The world’s most expensive beetle farm just crashed after burning $625 million
The "Tesla of Agriculture" has collapsed. Ÿnsect, the $600M insect protein startup, has entered liquidation. Here is why the "Mega-Factory" model failed and what it means for the future of food tech.

Ÿnsect founder
The "unicorn" dream is officially compost. Last week, Ÿnsect, the French startup that promised to revolutionize the global food chain, entered judicial liquidation, marking the spectacular collapse of a $625 million bet.
This isn't just a bankruptcy; it is a reality check for the entire "deep tech" ecosystem. Despite raising over half a billion dollars from investors like Robert Downey Jr. and Bpifrance, the company generated just €5.8 million in revenue against €104 million in liabilities in 2023. The math was always brutal: Ÿnsect was trying to build a hardware-heavy, capital-intensive farming business while valuations were priced like a software company. Now, the cash is gone, and the doors are closing.
The Cash Inferno
The company’s downfall stems from its massive vertical farm in Amiens, France. Originally pitched as the world's largest insect farm, the project became a money pit. Construction delays and soaring energy costs meant the facility never reached the scale needed to lower unit economics.

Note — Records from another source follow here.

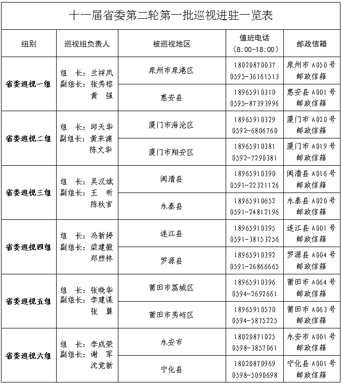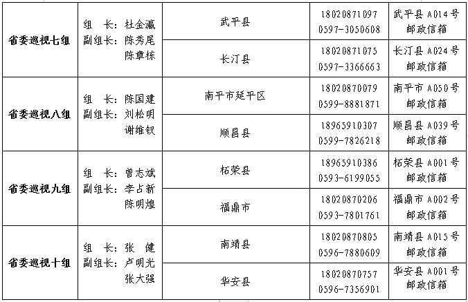 根据《中国共产党巡视工作条例》及省委《实施办法》规定,经省委同意,省委巡视组近期陆续进驻,对连江县、闽清县、罗源县、永泰县,厦门市海沧区、翔安区,南靖县、华安县,泉州市泉港区、惠安县,永安市、宁化县,莆田市荔城区、秀屿区,南平市延平区、顺昌县,武平县、长汀县,柘荣县、福鼎市等20个县(市、区)开展巡视,巡视时间40天左右。
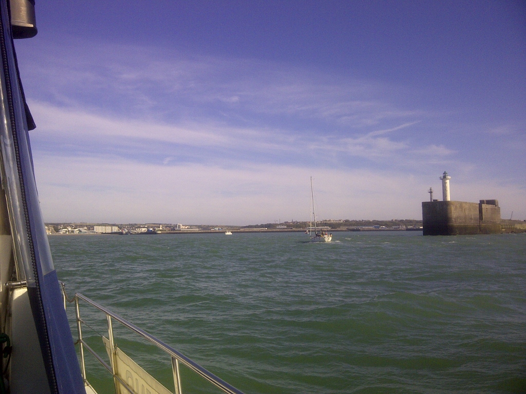 The weather is forecast was good and so it turned out to be. It was very benign off of Boulogne at just 3-5kn from the S and then rose to only 5-6kn as we cruised across the shipping lanes and then north past Dover to Ramsgate, with the southerly wind following the tide and making the best of conditions . In the event, the breeze was variable from the NNW and ending up in the SE. The sea was predicted be smooth/slight and it was actually calm for much of the time and only got up a bit when we were passing between the shallows and along the Ramsgate channel
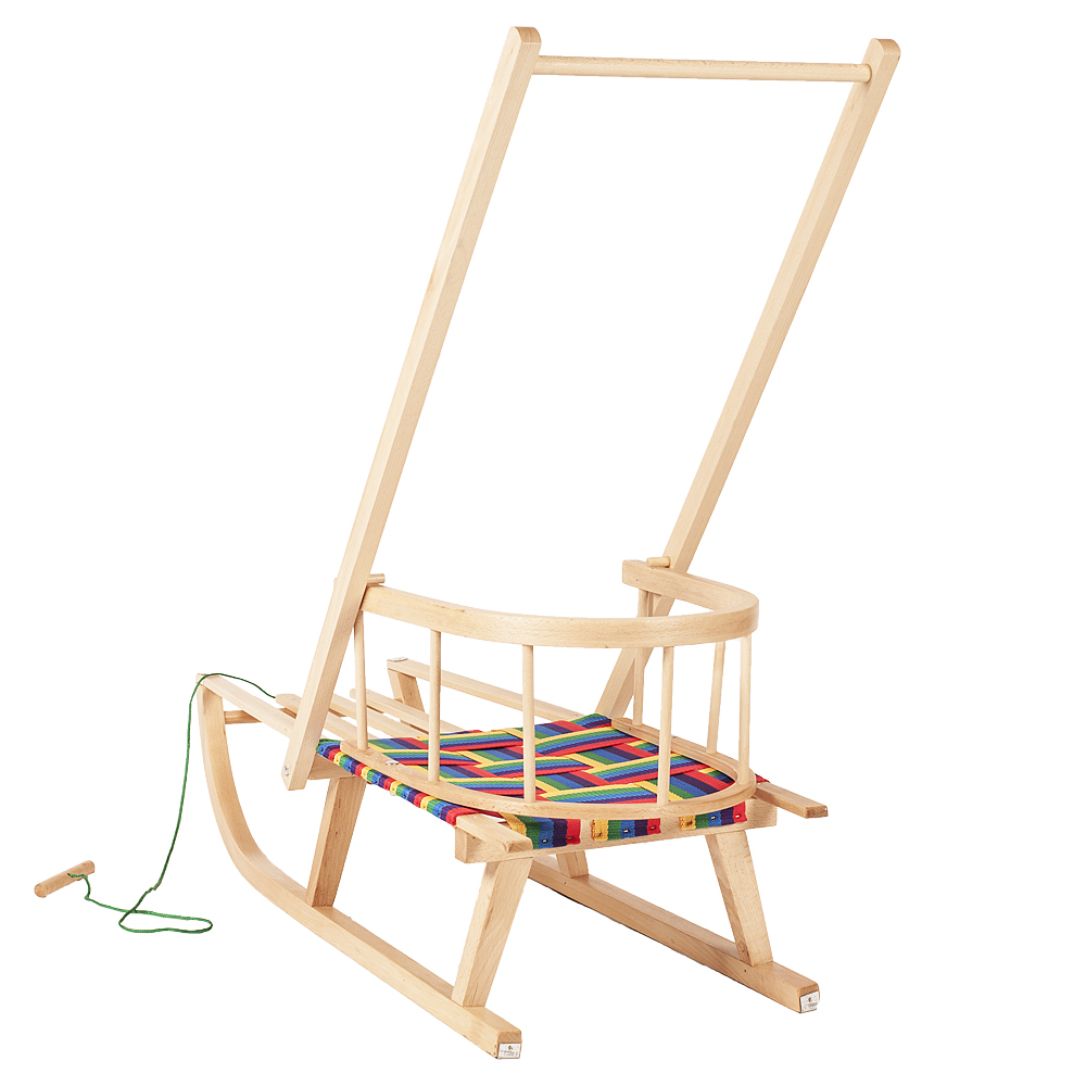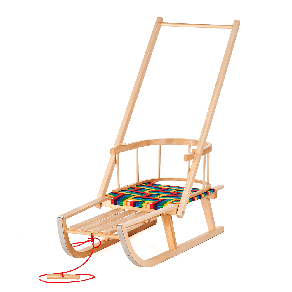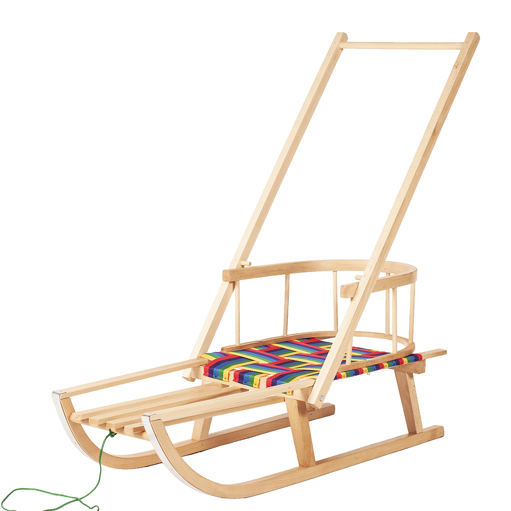 Sanie Ultimate Plus din lemn cu spătar, șezut textil și împingător – model premium pentru copii | Sanie fag cu mâner și cablu de tras

Founder Antoine Hubert described the desperate search for capital in a stark interview with Libération, offering a rare glimpse into the founder's psyche during a collapse:
"It's like running down a corridor with thousands of doors, and the more you run, the more the doors close."
While the company secured a safeguard procedure in September 2024 to freeze debts and attempt a pivot to high-margin pet food, the clock ran out. The company needed an estimated €130 million to finish the Amiens plant but found no takers in a market that has turned hostile to unproven, capital-heavy hardware projects.
Ÿnsect’s failure forces a harsh reassessment of the alternative protein sector. We expect the next six months to be a "survival of the fittest" phase where competitors like Innovafeed, who have favored a less capital-intensive partnership model, will likely scoop up Ÿnsect’s IP for pennies on the dollar. The bug revolution isn't dead, but the era of the "hardware unicorn" is extinct.